After a particularly hard week at work, we loaded up the camping gear for the first time since our big Christmas/ New Year trip and headed off for a weekend of R&R.
We found a lovely shady camping spot at Arnhem Rest Camp, some 2 hours away from Windhoek. Well off the beaten track, we did not pass a single other vehicle other than one donkey cart in 160 km of gravel road. Arnhem is known for its nearby cave system, the sixth largest on the African continent and home to over a million bats, so we duly booked what we though was going to be an hour tour to give us a taster.
Both our guide Basun and Cameron got a little carried away in their mutual enthusiasm for us to find as many of the 6 resident bat species as possible, so we spent a good three hours underground exploring 2 km of very dark passages.
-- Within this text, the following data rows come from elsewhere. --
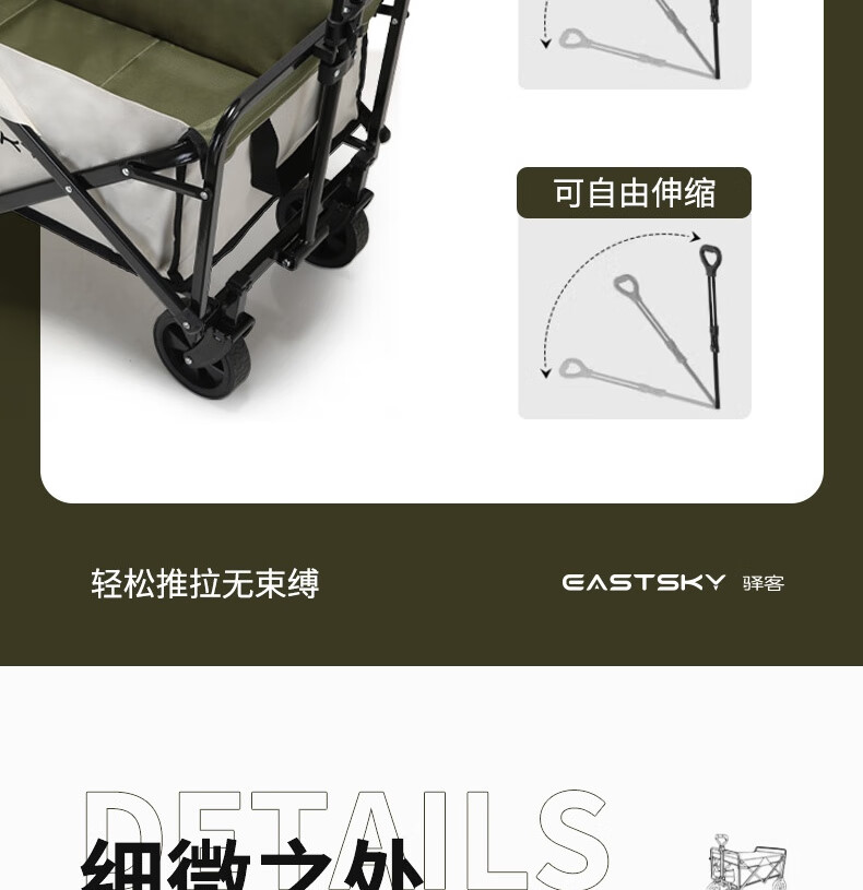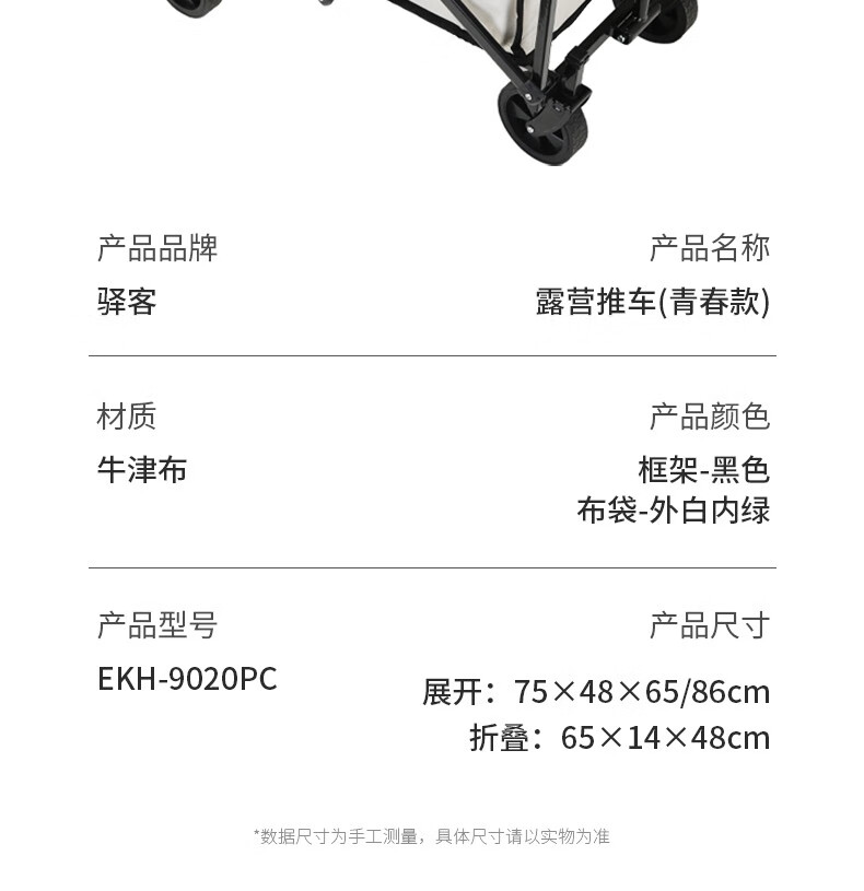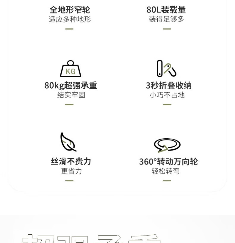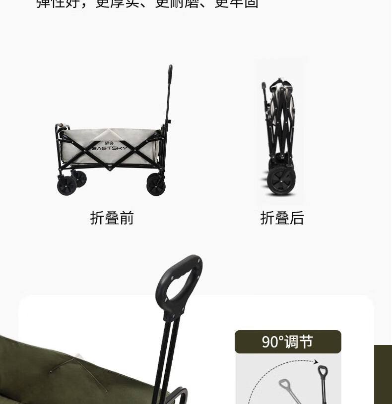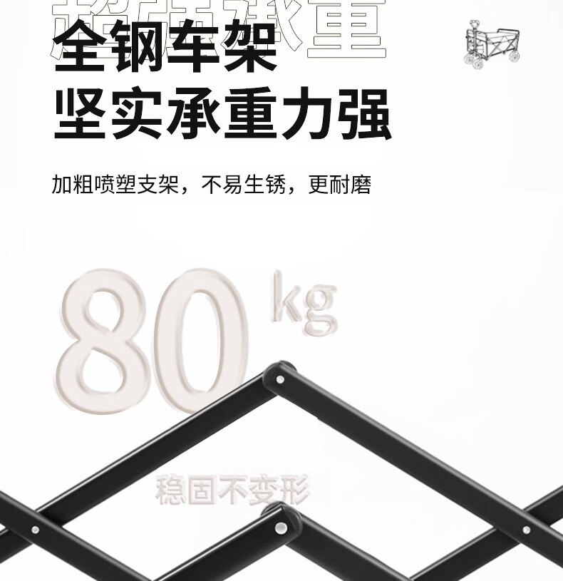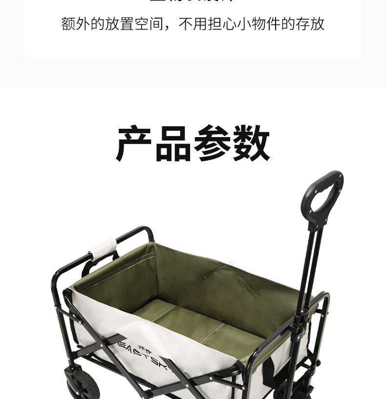 颜色:框架-黑色 布袋-外白内绿 材质:牛津布 产品尺寸:75*48*65-86cm 收拢尺寸:65*14*48cm 容量:80L
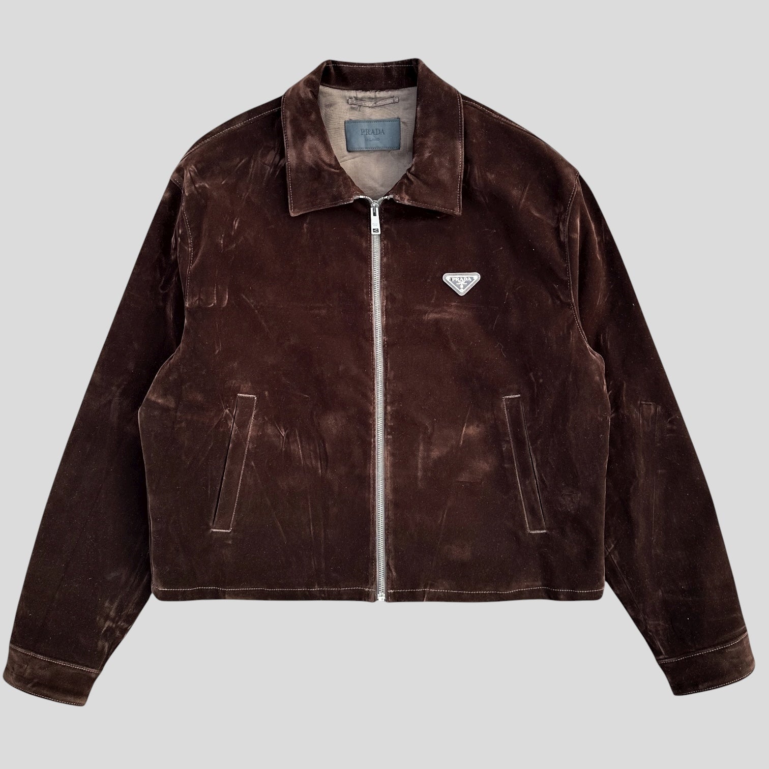 Prada 2024 Brown Velvet Velour Plaque Logo Boxy Jacket - M/L
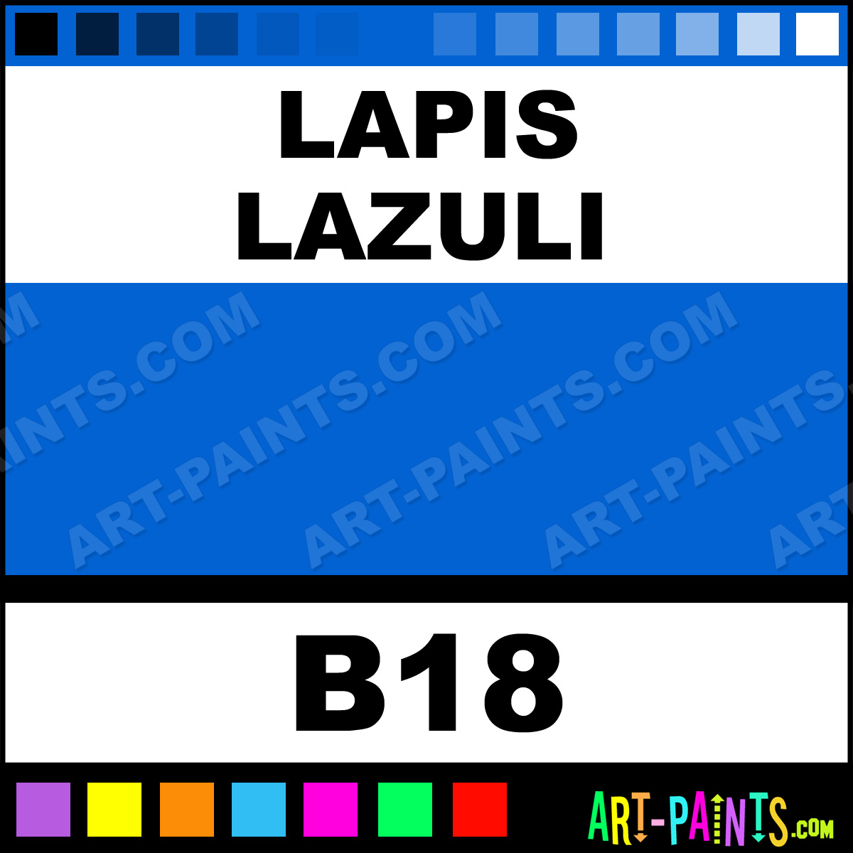 This beautiful Sketch Markers Calligraphy Ink Pigment shade is called Lapis Lazuli, and comes from a great company called Copic. Their product number, along with the HTML color code, RGB, and CMYK codes are listed below. This Beautiful Paint Pigment Shade of Lapis Lazuli and others can be found in the Copic Sketch Markers Art Ink Gallery! Be sure to browse through the other wonderful Professional Galleries to see more of Copic Sketch Markers Calligraphy Brand Inks and Paints and other Paint Manufacturers.   -Art-Paints.com
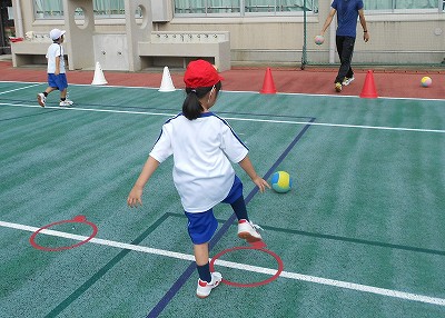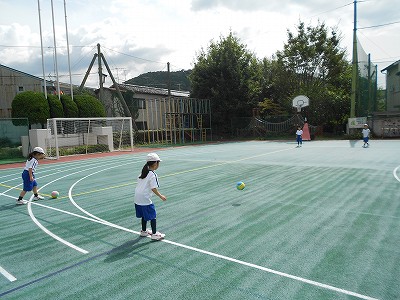 次に、お友達とペアになって、思いっきり蹴る練習をしました。 助走をつけて蹴ると、ボールはよく飛びますね。
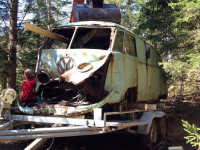 Vår alles kjære Mangokid tipset meg om denne for ca 15 år siden... Etter en første befaring dømte jeg den som fullstendig råtten og helt uten håp. Noen smådeler ble med hjem, men den brant seg fast baki hodet... Etter et par år, så hadde den "blitt bra nok" og den måtte hjem... Bakakslingen var borte...og det var rammevangene også. Med steinsvans bak en gammel M35, ble varebilden bare mer og mer vridd og mer og mer råtten...så enda en gang ble den dømt for dårlig... Men - som en slags siste gest, så skrev jeg mitt navn og nummer med sprittusj på den ene frontruta. Ett år senere fikk jeg plutselig en telefon... "vi driver og rydder en gammal gård her, og nå henger det en gammel folkevognbuss i gaflene på hjullasteren her...så ble vi var ditt navn og nummer som sto på den....skal du ha den?" ..... ehhh - ja! Jeg henter den i kveld..
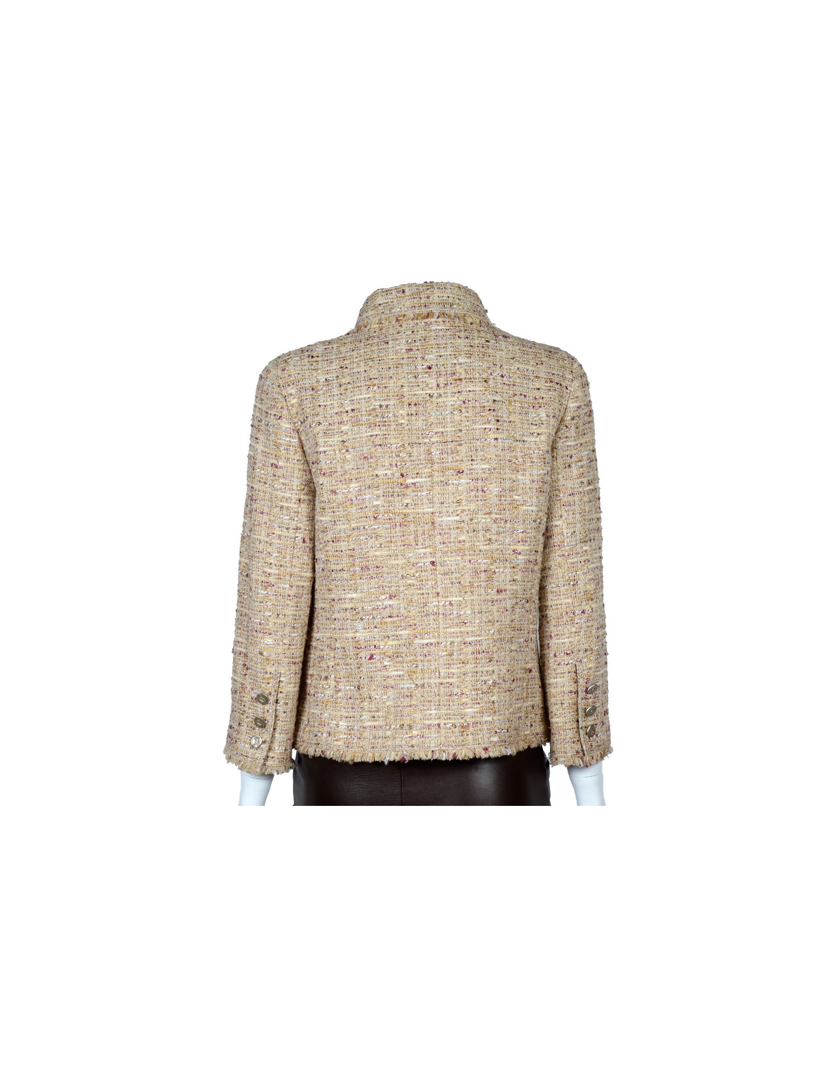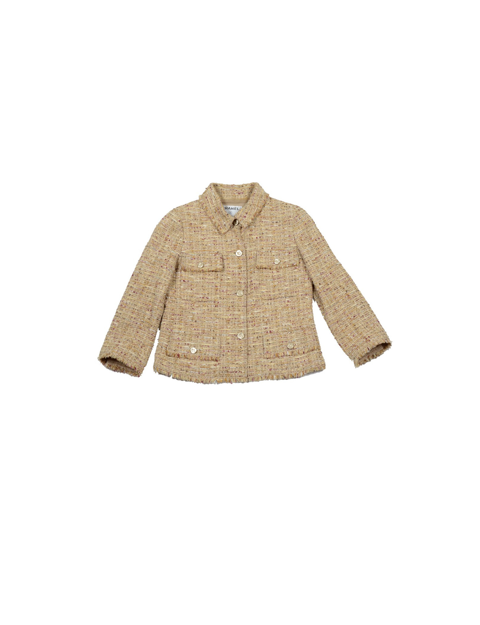 Veste Chanel en tweed de couleur ocre doré. Taille 40. Fermeture 4 boutons dorés siglés "CC". Elle dispose de 4 poches plaquées à rabat à l'avant. 3 boutons à chaque manche. La doublure est en soie avec la chaîne Chanel en bas de la veste à l'intérieur. En très bon état.
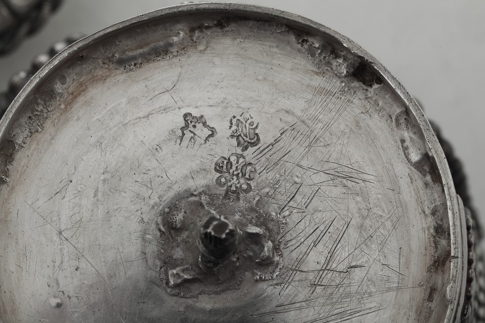 Argento fuso, sagomato e cesellato e ampolle in cristallo molato
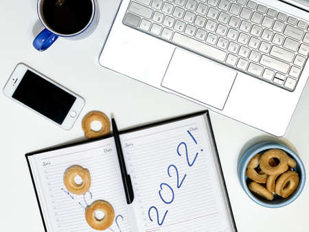 Layout of office items. On the notebook is the inscription 2022. The concept of the New Year.
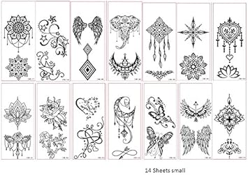 Tatouages Bijoux Lignes Tatouages Lot De 14 Noir Tatouage Ailes Mandala Elephant Et Plus Amazon Fr Beaute Et Parfum
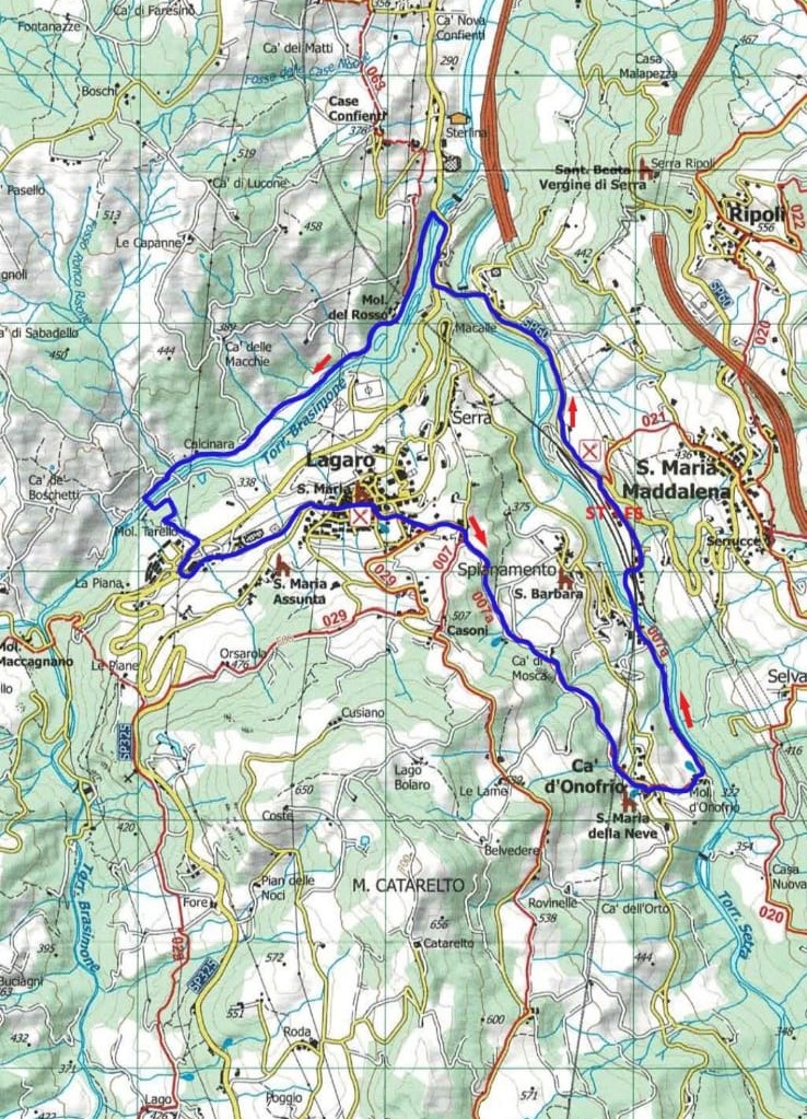 Continuando il percorso troverete il paese di Lagaro, dove sarà sistemato il primo ristoro e con una piccolissima deviazione si potrà ammirare lo splendido BORGO VECCHIO poi Ca’D’Onofrio dove trovate un oratorio dedicato alla Madonna della Neve risalente al 1600. Ivi sarà presente il secondo ristoro. Oramai giunti alla fine del percorso attraverseremo Spianamento, paese nato al tempo dei lavori della direttissima Bologna Firenze,ritorneremo poi alla stazione di San Benedetto val di Sambro-Castiglione dei Pepoli dove vi verrà offerto un ottimo panino con la mortadella appena affettata da gustare con tranquillità.

The echolocation ability of bats has always fascinated me, but to experience hundreds of bats flying around our heads and not a single one touching us, was quite impressive. The overwhelming ammonia smell built up after hundreds of years of guano (batpoo) deposits was not quite as enchanting. The guide told us stories of the Germans mining the guano to use in biological bombs and we could see the evidence of the mining operations for ourselves in the upper section of the caves. It was unanimously agreed that this was not a job any of us would aspire to and could not imagine anyone living long in such appalling and dangerous conditions. "It was pre-independance" added Basun, as if he needed to.
Trying to clean away the dust and smell in the shower afterwards, it did cross my mind that some women may have been whisked off to Paris, or wined and dined on finest gourmet food for their Valentine's weekend, meanwhile, as I emerged scrubbed clean and smelling fresh again, Alan had the site filled up with woodsmoke as he struggled to light the braii and cried "did you pack any grub, Joey?"